Frustrating Queer's Antinormativity: Encounters With the Paedophile and the Child.
Summary
This thesis offers a counterargument against the idea that queer subjects need necessarily be antinormative. The thesis is rooted in contemporary critiques against antinormativity and shows how antinormativity is tied to a methodological stance of idealization that lacks theoretical curiosity about, as well as care capacities for, its objects of study. Using the child and the paedophile as case studies of the exclusionary work of idealized antinormativity, this thesis operationalizes a methodological stance of ambivalence to understand how these figures came to be seen as ineligible for integration into the queer canon.
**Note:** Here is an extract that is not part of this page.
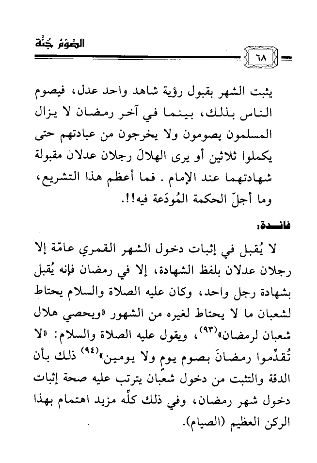 لا يُقبل في إثبات دخول الشهر القمري عامّة إلا رجلان عدلان بلفظ الشهادة، إلا في رمضان فإنه يُقبل بشهادة رجل واحد، وكان عليه الصلاة والسلام يحتاط لشعبان ما لا يحتاط لغيره من الشهور «ويحصي هلال شعبان لرمضان» (¬93) ، ويقول عليه الصلاة والسلام: «لا تُقدِّموا رمضانَ بصوم يومٍ ولا يومين» (¬94) ذلك بأن الدقة والتثبت من دخول شعبان يترتب عليه صحة إثبات دخول شهر رمضان، وفي ذلك كلِّه مزيد اهتمام بهذا الركن العظيم (الصيام) .

What the child and the paedophile share is that they elide the forms they are disciplined into. From the simultaneity of within as well as beyond signifying forms, it becomes possible to as what work the child and the paedophile do for both queer theory and social order at large. The child signifies beyond the normative Child, which has provided queer with its antinormative telos. The queer child is mobilized in which queer indicates the immanence of queerness to the child, even within the social and Symbolic structures that deny the child its queerness. The paedophile signifies beyond itself by being part of a much more general mode of sexual attachment called paedophilia. The paranoia with which one’s own – including queer’s – paedophilia must be displaced into the figure of the paedophile installs paranoia as one of the defence mechanisms against psychoanalytic sex. This thesis insists on the avowal of that paranoia such that the overwhelm leads to might reconfigure the self – not in the last place: the queer self – in new and refreshing ways.